• EXERCISE REQUIREMENTS
Line by line, retype the material exactly and leave each picture out.

• INFORMATION SHOWN
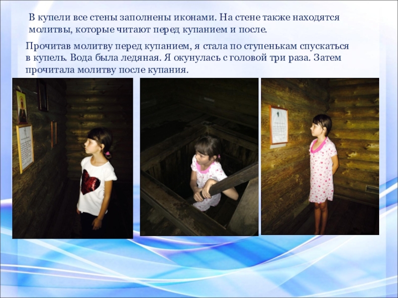 Прочитав молитву перед купанием, я стала по ступенькам спускаться в купель. Вода была ледяная. Я окунулась с головой три раза. Затем прочитала молитву после купания.
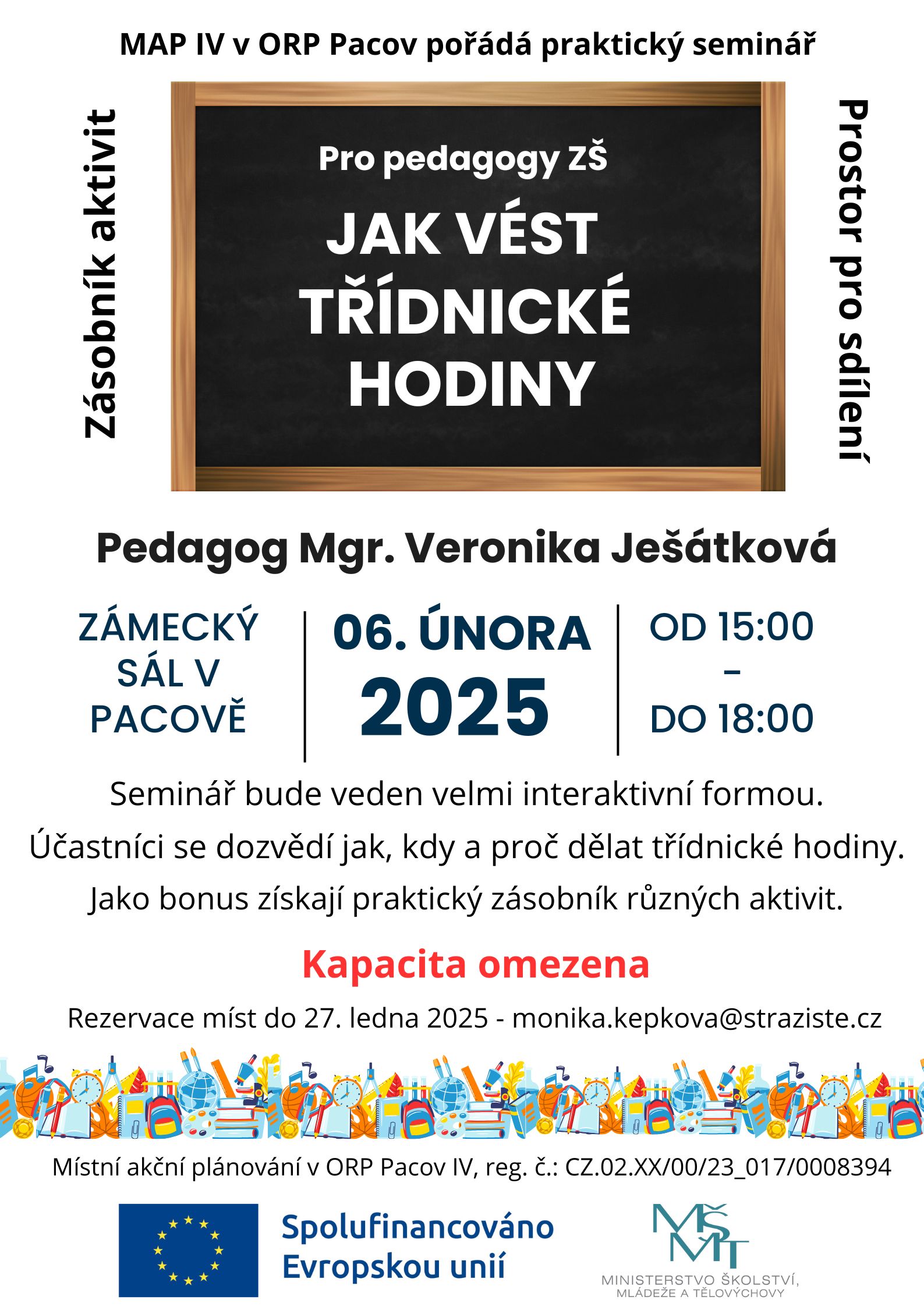 MANAGEMENT TŘÍDNICKÝCH HODIN / Seminář na podporu třídního klimatu pro pedagogy ZŠ, Zámecký sál Pacov, od 15.00 h do 18.00h, Mgr. Veronika Ješátková, PLAKÁT
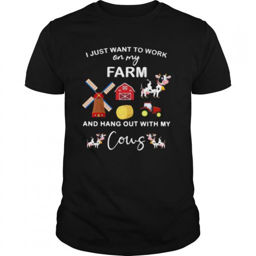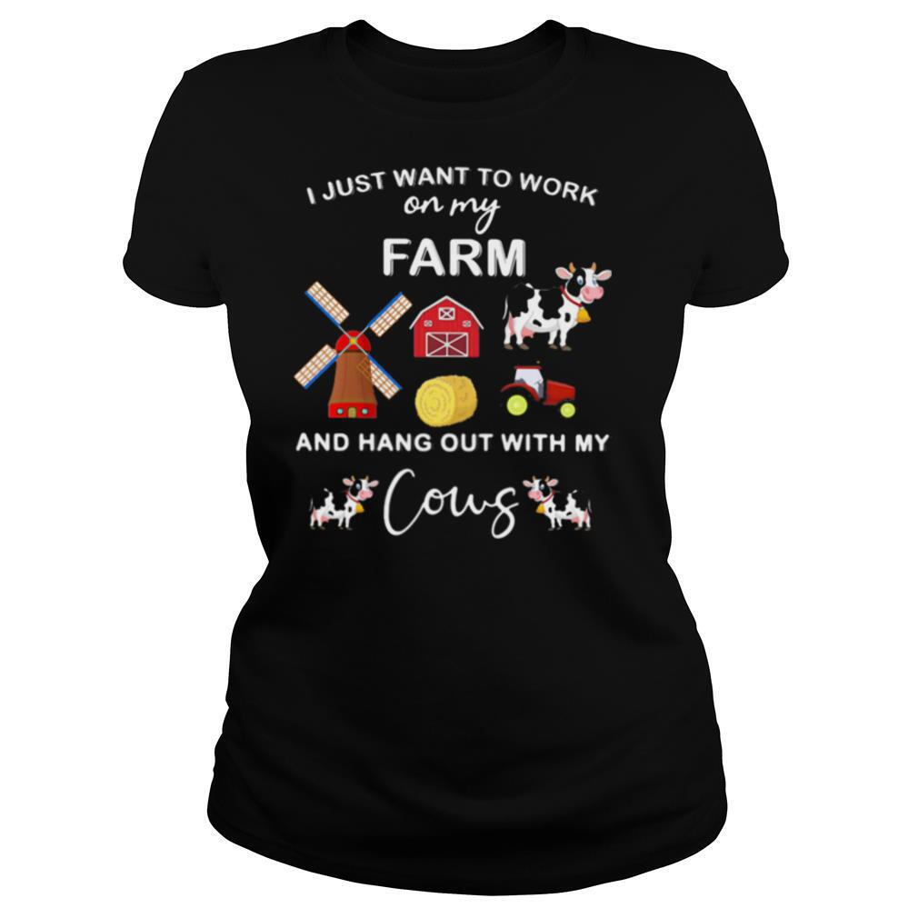 I Just Want To Work On My Farm And Hang Out With My Cows shirt, hoodie, sweater, longsleeve and ladies t-shirt

• SOLUTION TO THE PROBLEM
 Прочитав молитву перед купанием, я стала по ступенькам спускаться в купель. Вода была ледяная. Я окунулась с головой три раза. Затем прочитала молитву после купания.
 MANAGEMENT TŘÍDNICKÝCH HODIN / Seminář na podporu třídního klimatu pro pedagogy ZŠ, Zámecký sál Pacov, od 15.00 h do 18.00h, Mgr. Veronika Ješátková, PLAKÁT
 I Just Want To Work On My Farm And Hang Out With My Cows shirt, hoodie, sweater, longsleeve and ladies t-shirt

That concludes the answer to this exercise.